Hugo Gutiérrez Vega
Un retrato de Efraín González Luna:
el final de un ideario (IV DE VIII)
Quisiera intentar la descripción de otros aspectos
del pensamiento de don Efraín. Reconozco que me
voy a meter en honduras, pues me saldré de mis
campos, pero debo seguir adelante para cumplir
mi obligación de entregarles un retrato de cuerpo
entero de una de las personas que más admiré y
respeté por su inteligencia y su integridad moral.
Pienso que su visión de la economía era la de un
liberalismo atemperado por las encíclicas papales
que recogieron el pensamiento social de la Iglesia.

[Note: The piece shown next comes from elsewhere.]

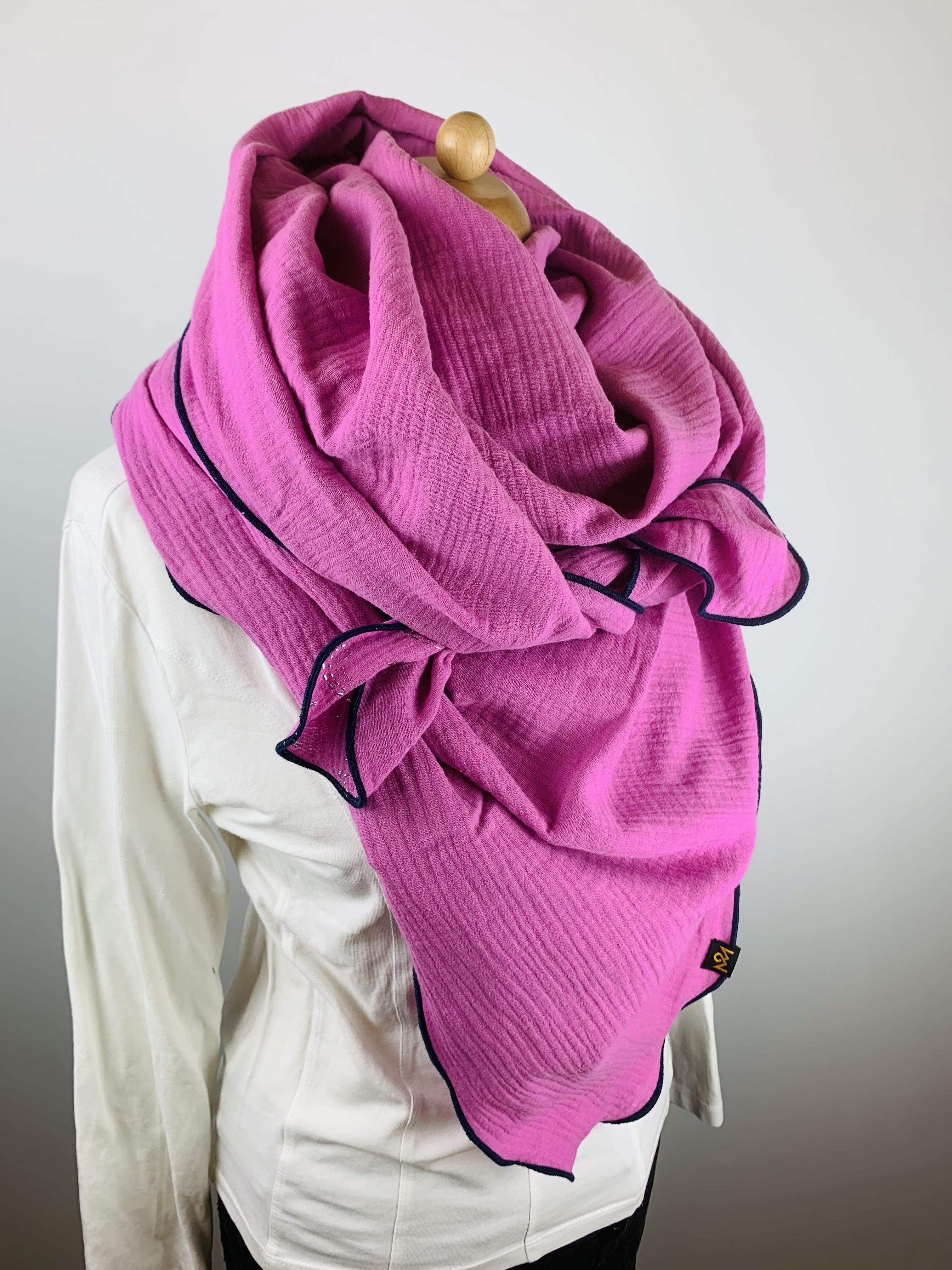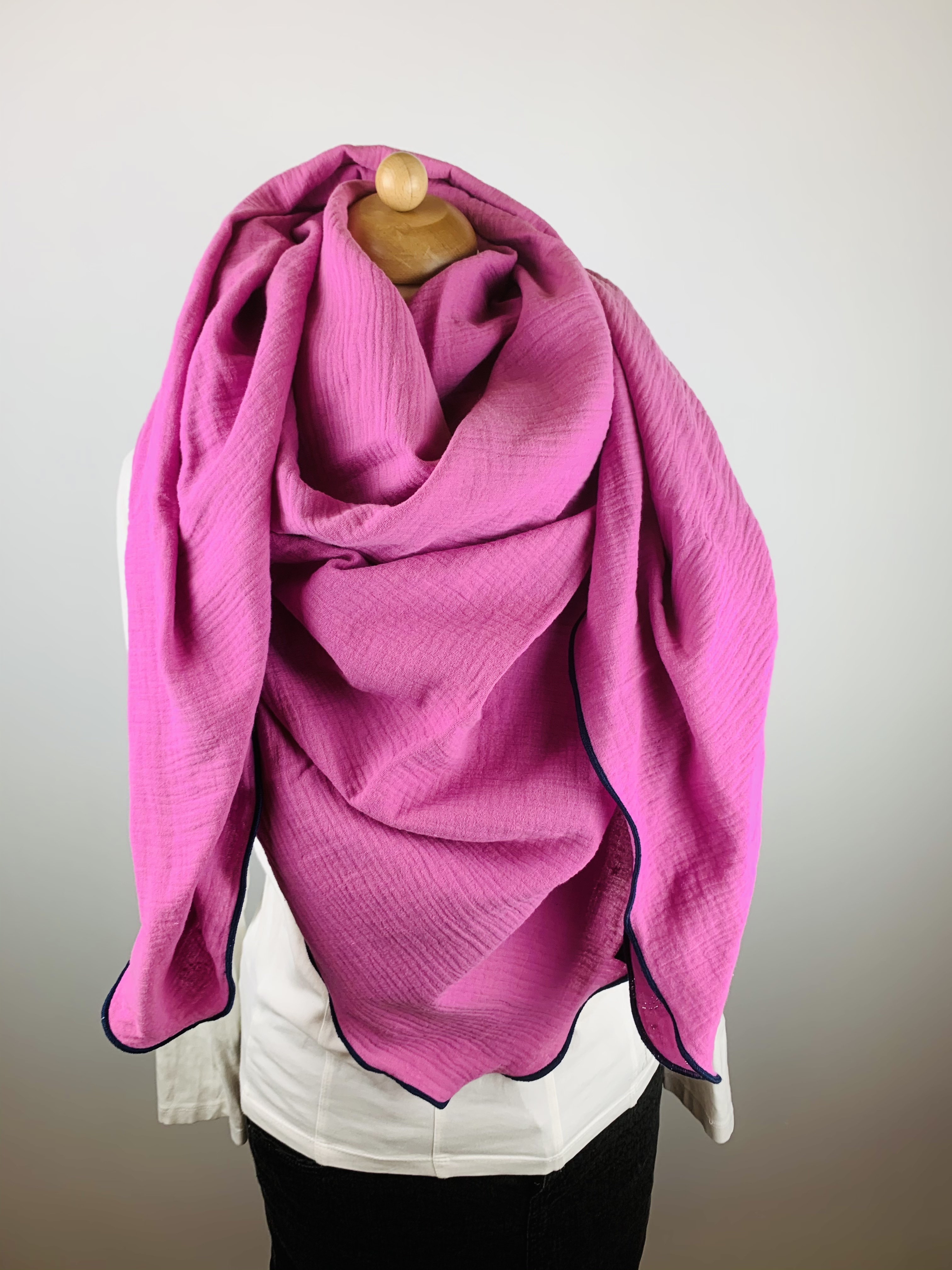 Die Einzigartigkeit des Designs wird durch die Struktur des weichen Musselins in Kombination mit dem Saum in der Farbe dunkelblau bestimmt.
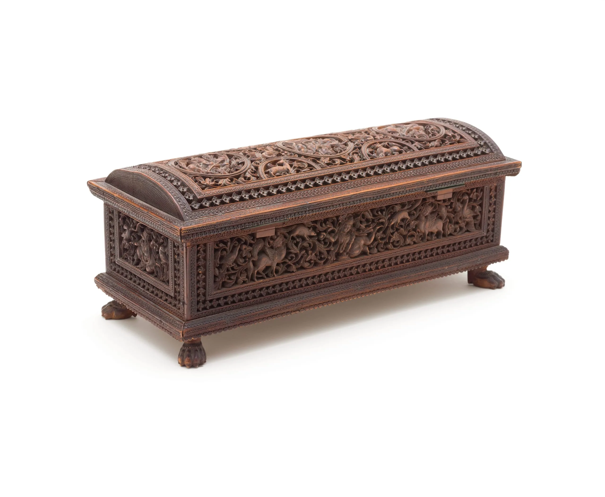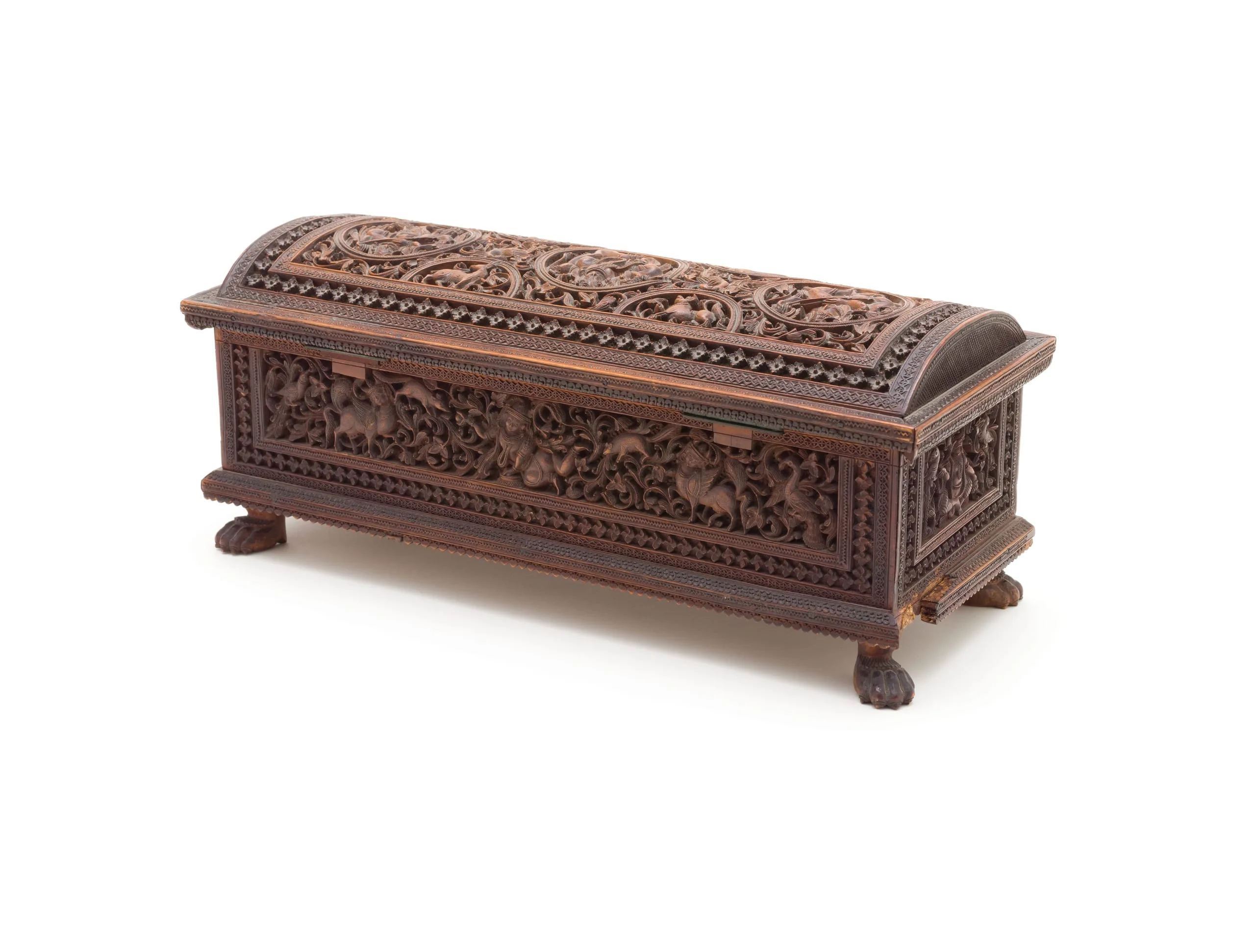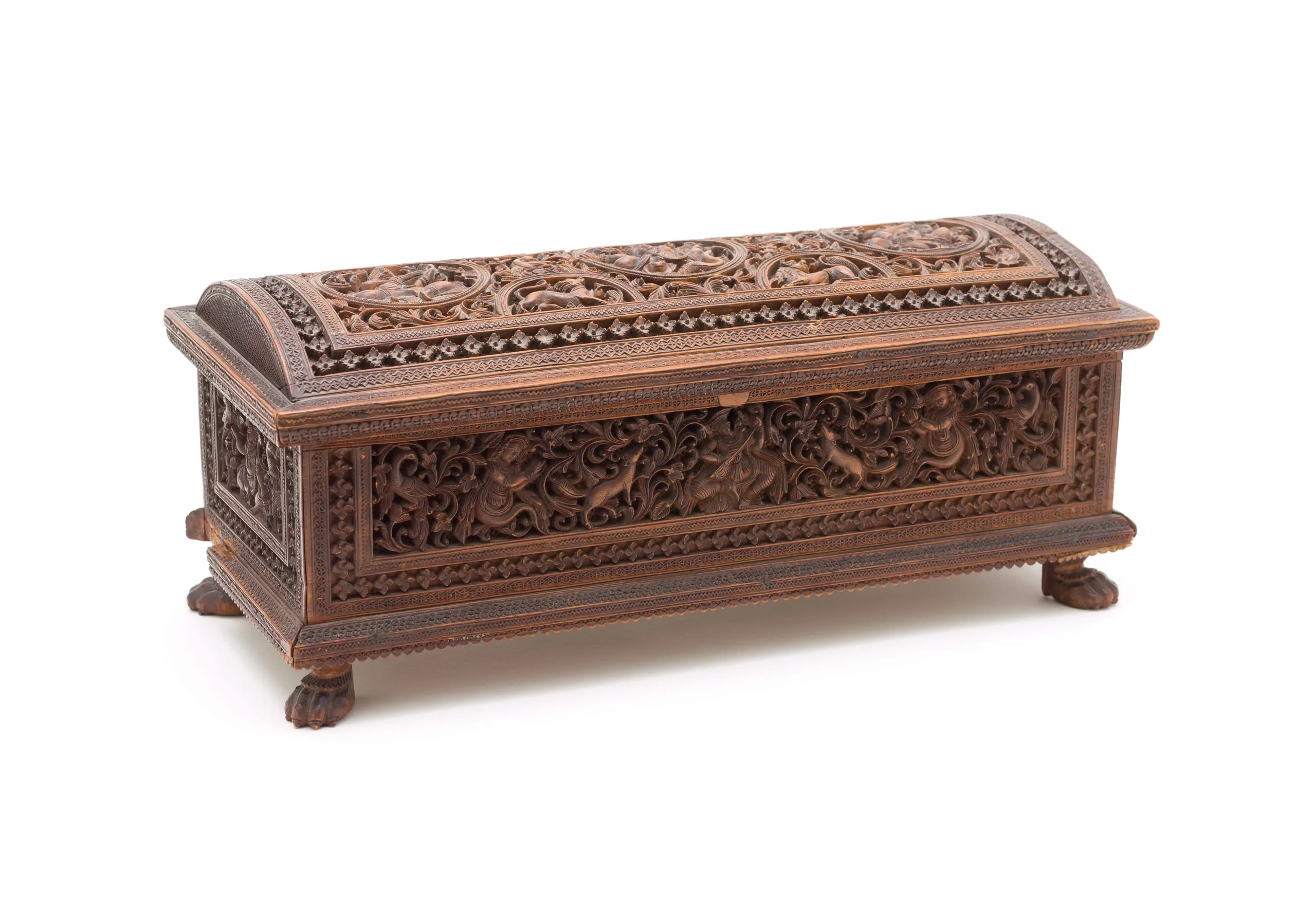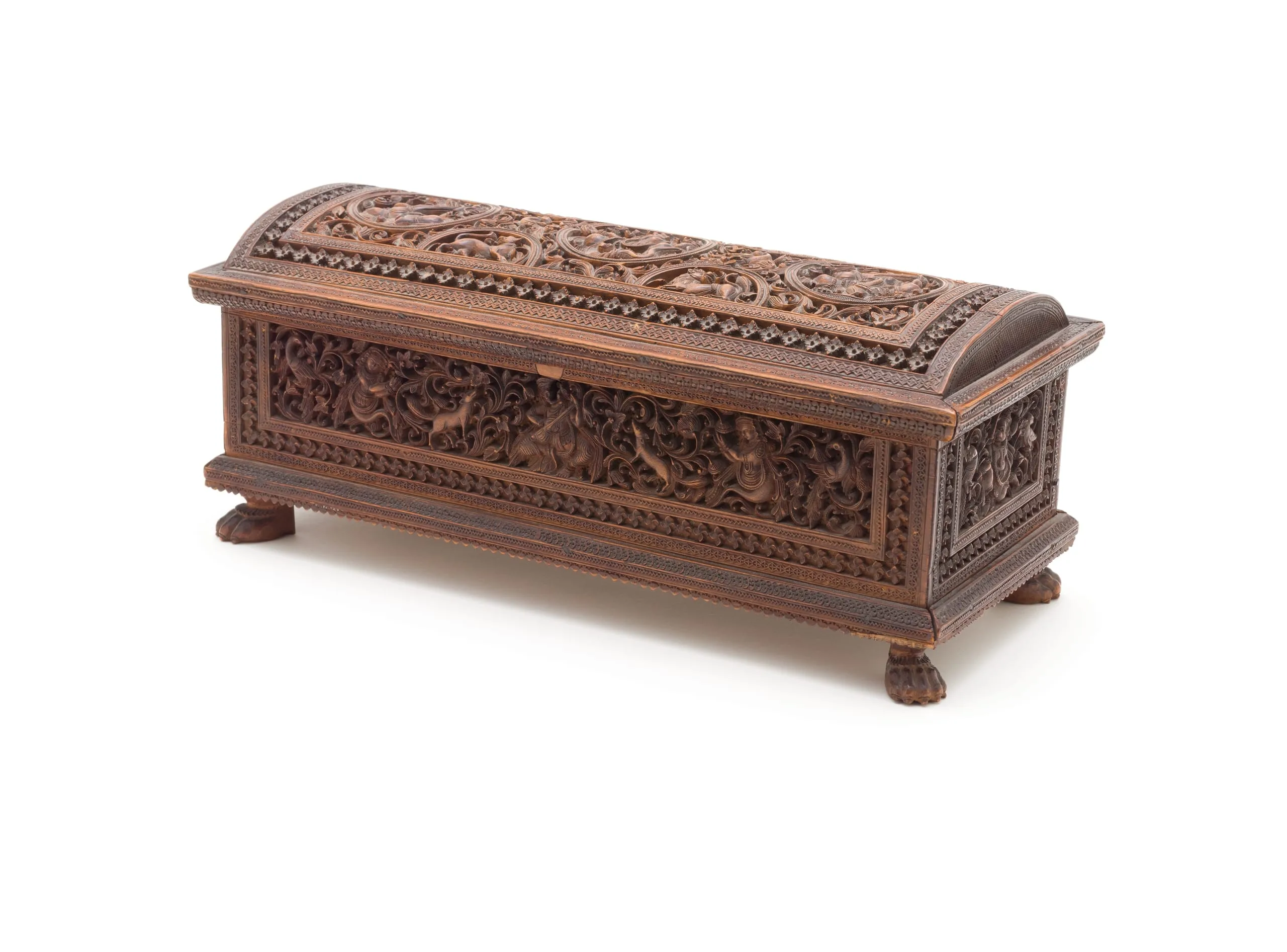 The cabinet is rectangular with an overhanging hinged lid in the form of a hemispherical dome adorned with three Hindu deities in roundels and half-roundels containing three lions and one antelope. The roundels are set amidst deeply carved foliage enlivened with two peacocks. The casket is supported by claw feet.

Tal vez por eso pensó que la lucha política podría
conciliarse con la práctica de la profesión legal en
un bufete serio y respetable, puesto en buena parte
al servicio de la banca privada y de las poderosas
empresas. Sobre este tema conviene recordar que,
en un momento de su vida, dejó de prestar sus servicios
a esos clientes y se concentró en la atención
de asuntos más modestos. Posiblemente esta dicotomía
le hizo daño (recuerdo que algunos pillos
disfrazados de fundamentalistas intentaron desprestigiarlo
acusándolo de malos manejos profesionales,
sin lograr sus torpes propósitos). Me atrevo
a creer que el abogado honesto, sabio y respetable
dañó al intelectual y al político... Estoy pensando
en voz alta, pues como muchos de sus amigos y
alumnos yo hubiera preferido que se dedicara de
tiempo completo a la cátedra, la política y la escritura.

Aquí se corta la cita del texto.